We have to admit: For an industry that posted enormous losses in 2009 and is now on the government dole, $18.4 billion in "performance" bonuses for Wall Street executives seems a tad much. President Obama called it "shameful."

"There will be time for them to make profits," he said Thursday with Treasury Secretary Tim Geithner by his side. "And there will be time for them to get bonuses. Now's not that time. And that's the message that I intend to send directly to them, I expect Secretary Geithner to send to them."

Vice President Joe Biden was even more pointed: "I'd like to throw these guys in the brig," he said.

Democratic Sen. Chris Dodd had this to say to those executives who take home big bonuses: "If you do it, I'm going to bring you before the (Senate Banking) Committee."

Perhaps the ire is deserved. It's hard to defend Wall Street executives' pay. Last year, the Dow closed off 34%, its third-biggest loss ever, as trillions in wealth evaporated. And financial companies lost nearly $50 billion for their shareholders.

Yet executives gave themselves hefty bonuses, claiming they had to do so in order to keep talented people.

Maybe so. But it's sad this should even be a part of our daily discussion, and it only shows just how twisted things have become in our once-capitalist system. In the brave new world of post-bailout economics, politicians — not the marketplace — decide what it's appropriate to pay executives.

At one time, businesses competed intensely, and success or lack of same guided what executives would earn. But no more.

Today, with hundreds of billions of dollars flowing from public coffers into the private financial sector to prop up failing companies, politicians feel quite within their rights to harangue, cajole, even threaten those who take their money.

This is one of the unforeseen consequences economists warn about.
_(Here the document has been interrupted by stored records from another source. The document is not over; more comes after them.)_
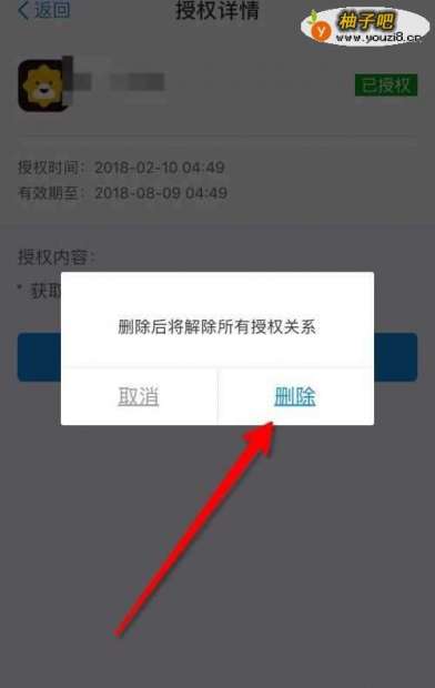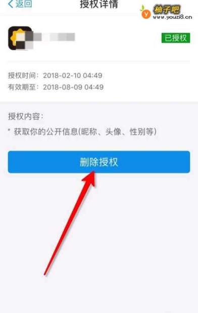 6在(授权详情)的界面,需要点击箭头指向的(删除授权)。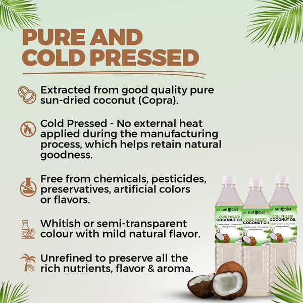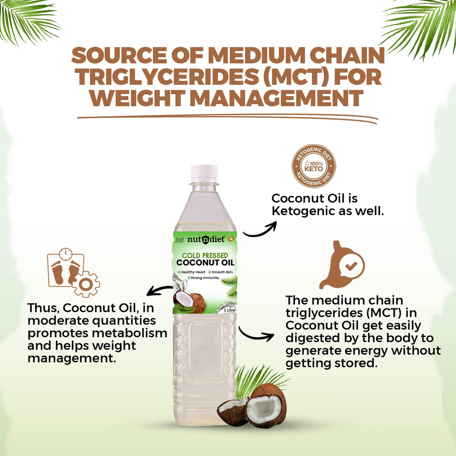 nutndiet Cold Pressed Coconut Oil 5 Litre Can | Pure, Natural & Chemical-Free | Multipurpose Oil for Cooking, Skin Care, Hair Care & Massage | Rich in Nutrients & Antioxidants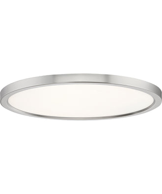 Available in four finishes and four sizes, the Outskirts flush mount is suited for a variety of room applications. In your choice of Earth Black, Brushed Nickel, White or Oil-rubbed Bronze, it is featured in sizes of 7.5”, 11”, 15”, or 20". The white acrylic shade is illuminated with integrated LED technology and the thick canopy adds depth to the simple structure.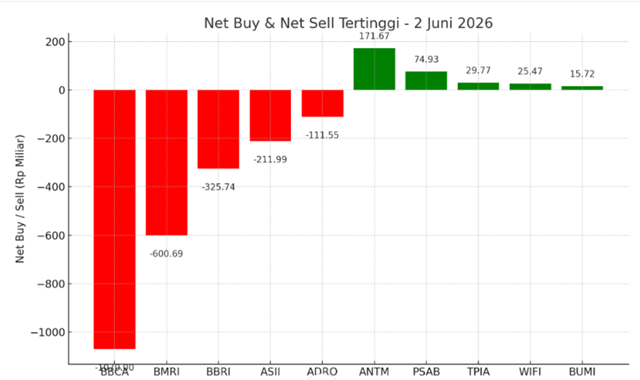 Net sell terbanyak melanda tiga saham bank berikut, yaitu PT Bank Central Asia Tbk (BBCA) Rp 1,07 triliun, PT Bank Mandiri Tbk (BMRI) Rp 600,69 miliar, PT Bank Rakyat Indonesia Tbk (BBRI) Rp 325,74 miliar. Net sell juga melanda saham PT Astra International Tbk (ASII) Rp 211,99 miliar dan PT Alamtri Resources Indonesia Tbk (ADRO) Rp 111,55 miliar.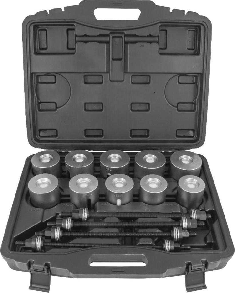ОписаниеНАБОР ПРЕДНАЗНАЧЕН ДЛЯ ПРОИЗВОДСТВА РАБОТ ПО ЗАМЕНЕ САЙЛЕНТБЛОКОВ ПРИ ОБСЛУЖИВАНИИ ПОДВЕСКИ АВТОМОБИЛЕЙ. ШИРОКИЙ ДИАПАЗОН РАЗМЕРОВ ОПРАВОК, ВХОДЯЩИХ В КОМПЛЕКТ НАБОРА, ПОЗВОЛЯЕТ ОБСЛУЖИВАТЬ МАКСИМАЛЬНО ВОЗМОЖНЫЙ СПЕКТР ТРАНСПОРТНЫХ СРЕДСТВ.

Executives who thought they'd get access to Uncle Sam's wallet without strings attached now find they're beholden to elected officials — not the market.

It would be far healthier for the economy if it was the companies themselves, operating within market-imposed discipline and under the watchful eye of shareholders, that decided how executives were compensated.

Sadly, Wall Street today seems to suffer from what economists call an "agency problem." In a healthy company, managers and execs work for the shareholders. But after a government bailout, taxpayers — that is, politicians — are boss.

And, as always, this leaves a lot of room for politicians to demagogue the issue, always on behalf of "the taxpayers."

That's what's happening now in Washington, and it isn't healthy. However outraged you might be at the executives' $18 billion in bonuses, that pales in comparison to Congress' pork-filled, 680-page, $825-billion stimulus bill.

As the bill moves toward law, polls show voters are having second thoughts about the whole thing. Mainly, they don't like the waste — or the fact that only about 10% to 15% of the spending can even remotely be called "stimulus."

Does this explain why politicians have suddenly gone into such high dudgeon over executive bonuses? After all, if you were about to misspend hundreds of billions in taxpayer money, wouldn't you want a scapegoat too?